DATA EXCERPT Block Start

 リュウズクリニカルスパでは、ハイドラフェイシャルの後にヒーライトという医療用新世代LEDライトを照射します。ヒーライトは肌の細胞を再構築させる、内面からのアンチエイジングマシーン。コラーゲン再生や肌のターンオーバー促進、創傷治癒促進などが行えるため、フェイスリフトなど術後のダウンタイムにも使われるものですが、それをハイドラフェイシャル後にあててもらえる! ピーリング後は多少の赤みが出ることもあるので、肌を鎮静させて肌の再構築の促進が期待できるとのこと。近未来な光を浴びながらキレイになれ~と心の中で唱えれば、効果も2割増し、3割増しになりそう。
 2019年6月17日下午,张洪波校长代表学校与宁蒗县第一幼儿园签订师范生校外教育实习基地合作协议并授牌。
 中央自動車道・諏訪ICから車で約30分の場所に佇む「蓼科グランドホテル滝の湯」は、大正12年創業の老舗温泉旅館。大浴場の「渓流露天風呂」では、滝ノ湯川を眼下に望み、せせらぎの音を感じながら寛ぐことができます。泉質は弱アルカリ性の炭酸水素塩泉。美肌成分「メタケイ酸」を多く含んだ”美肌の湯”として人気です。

DATA EXCERPT Block End

_DIRECTIONS FOR THIS TASK_
Your task is to reproduce exactly the lines that begin at the line containing "2019年6月17日下午,张" and end at the final line of the data above.

_RESULT OF THIS EXERCISE_
 2019年6月17日下午,张洪波校长代表学校与宁蒗县第一幼儿园签订师范生校外教育实习基地合作协议并授牌。
 中央自動車道・諏訪ICから車で約30分の場所に佇む「蓼科グランドホテル滝の湯」は、大正12年創業の老舗温泉旅館。大浴場の「渓流露天風呂」では、滝ノ湯川を眼下に望み、せせらぎの音を感じながら寛ぐことができます。泉質は弱アルカリ性の炭酸水素塩泉。美肌成分「メタケイ酸」を多く含んだ”美肌の湯”として人気です。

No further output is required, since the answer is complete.